§ **Supplied data**:
BEGIN

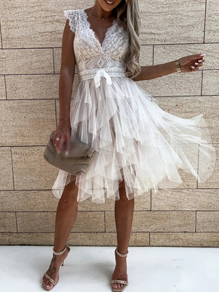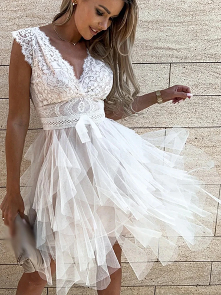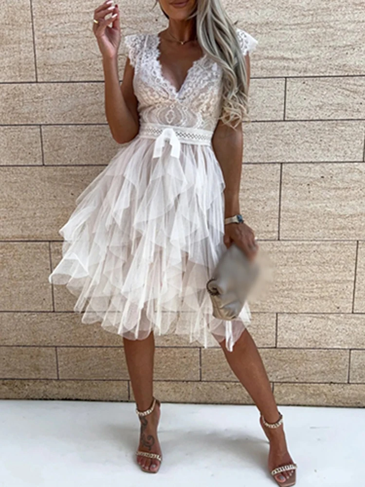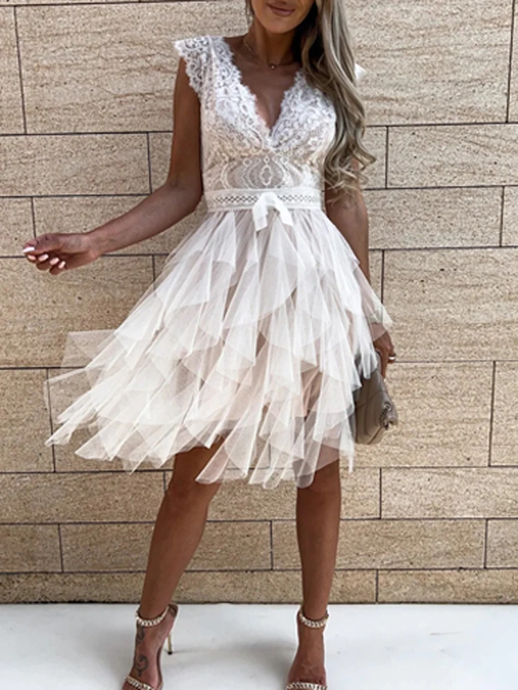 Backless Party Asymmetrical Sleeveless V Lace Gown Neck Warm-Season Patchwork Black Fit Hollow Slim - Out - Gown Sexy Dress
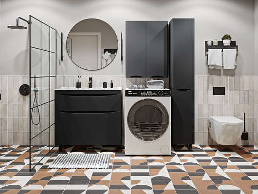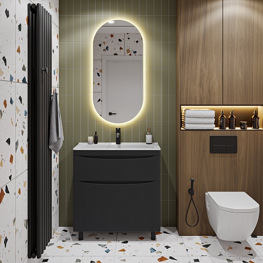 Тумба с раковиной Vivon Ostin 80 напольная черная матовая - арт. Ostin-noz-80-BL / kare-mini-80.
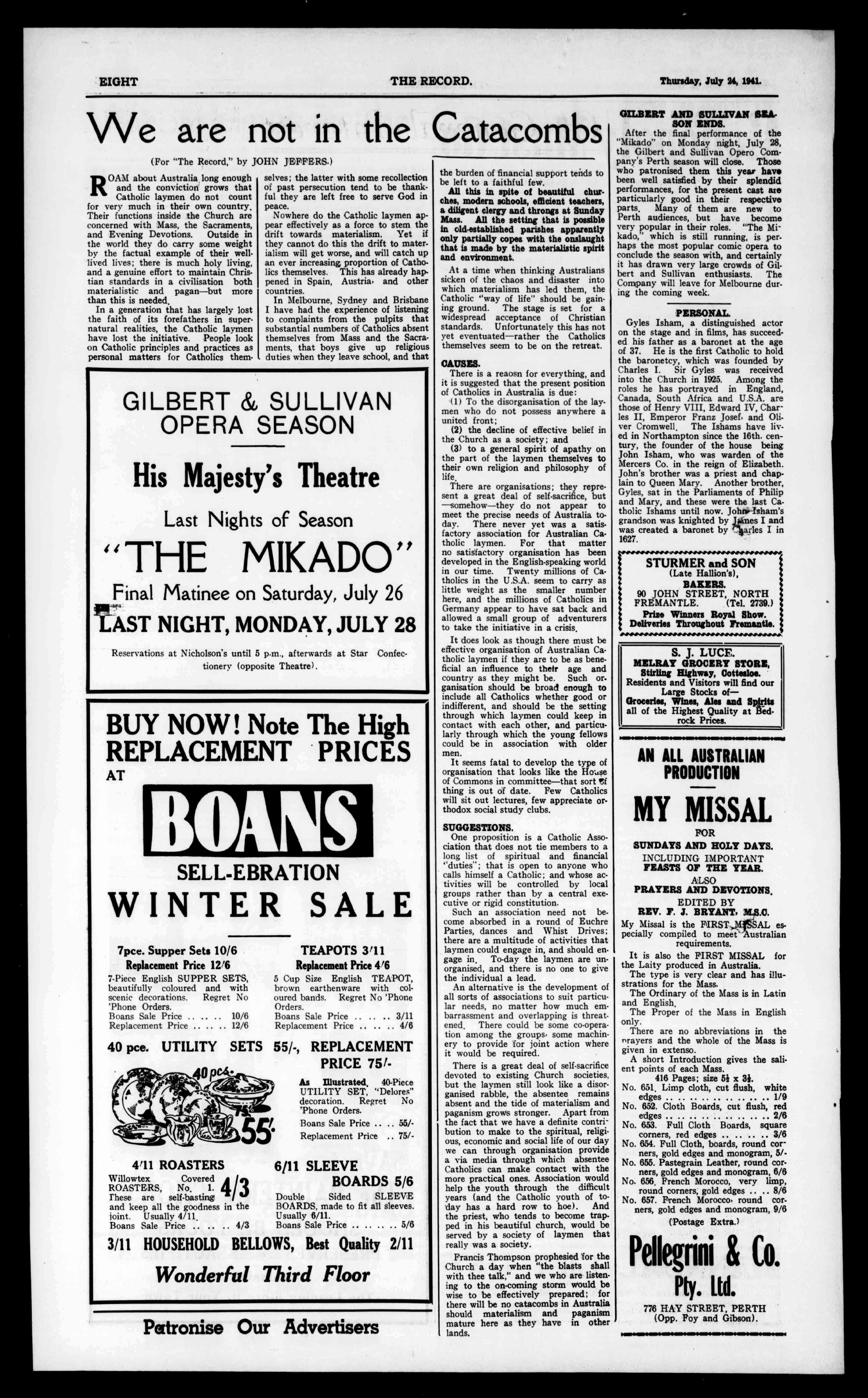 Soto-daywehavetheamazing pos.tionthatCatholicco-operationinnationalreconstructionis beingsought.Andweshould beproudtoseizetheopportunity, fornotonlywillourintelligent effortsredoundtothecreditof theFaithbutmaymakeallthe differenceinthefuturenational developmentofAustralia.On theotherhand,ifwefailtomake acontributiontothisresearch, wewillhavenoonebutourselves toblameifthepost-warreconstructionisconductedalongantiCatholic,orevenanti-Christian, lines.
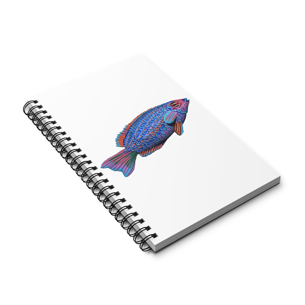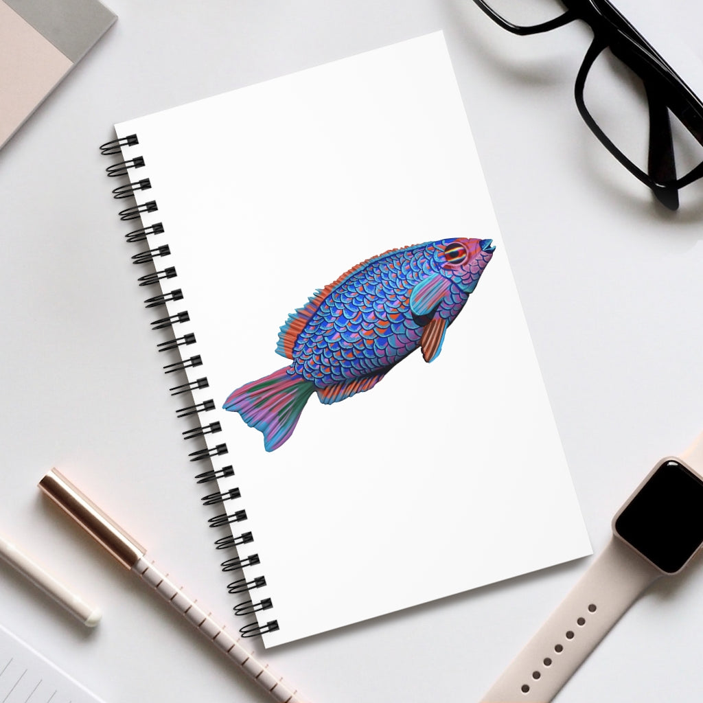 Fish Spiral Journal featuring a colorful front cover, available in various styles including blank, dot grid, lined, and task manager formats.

END

§ **Task directions**:
The answer must be the full listing, exact in every line, with the pictures removed.

§ **Completed exercise**:
 Backless Party Asymmetrical Sleeveless V Lace Gown Neck Warm-Season Patchwork Black Fit Hollow Slim - Out - Gown Sexy Dress
 Тумба с раковиной Vivon Ostin 80 напольная черная матовая - арт. Ostin-noz-80-BL / kare-mini-80.
 Soto-daywehavetheamazing pos.tionthatCatholicco-operationinnationalreconstructionis beingsought.Andweshould beproudtoseizetheopportunity, fornotonlywillourintelligent effortsredoundtothecreditof theFaithbutmaymakeallthe differenceinthefuturenational developmentofAustralia.On theotherhand,ifwefailtomake acontributiontothisresearch, wewillhavenoonebutourselves toblameifthepost-warreconstructionisconductedalongantiCatholic,orevenanti-Christian, lines.
 Fish Spiral Journal featuring a colorful front cover, available in various styles including blank, dot grid, lined, and task manager formats.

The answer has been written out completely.